Download or read book Khubilai Khan written by Morris Rossabi and published by Univ of California Press. This book was released on 2009-11-02 with total page 350 pages. Available in PDF, EPUB and Kindle. Book excerpt: Living from 1215 to 1294, Khubilai Khan is one of history’s most renowned figures. Morris Rossabi draws on sources from a variety of East Asian, Middle Eastern, and European languages as he focuses on the life and times of the great Mongol monarch. This 20th anniversary edition is updated with a new preface examining how twenty years of scholarly and popular portraits of Khubilai have shaped our understanding of the man and his time.
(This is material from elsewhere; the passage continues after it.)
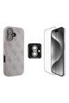 Guess İphone 16 Plus Lisanslı 3'Lü Aksesuar Seti Kılıf-Ekran Koruyucu-Lens Koruyucu Pembe

Book Synopsis China’s Imperial Past by : Charles O. Hucker
Download or read book China’s Imperial Past written by Charles O. Hucker and published by Stanford University Press. This book was released on 1975 with total page 500 pages. Available in PDF, EPUB and Kindle. Book excerpt: A panoramic survey of the course of Chinese civilization from prehistory to 1850, when the old China began to give way
Book Synopsis A Study of the Jurchen Language and Script by : Gisaburō Norikura Kiyose
Download or read book A Study of the Jurchen Language and Script written by Gisaburō Norikura Kiyose and published by . This book was released on 1977 with total page 272 pages. Available in PDF, EPUB and Kindle. Book excerpt:
Book Synopsis The Cambridge History of Ancient China by : Michael Loewe
Download or read book The Cambridge History of Ancient China written by Michael Loewe and published by Cambridge University Press. This book was released on 1999-03-13 with total page 1192 pages. Available in PDF, EPUB and Kindle. Book excerpt: The Cambridge History of Ancient China provides a survey of the institutional and cultural history of pre-imperial China.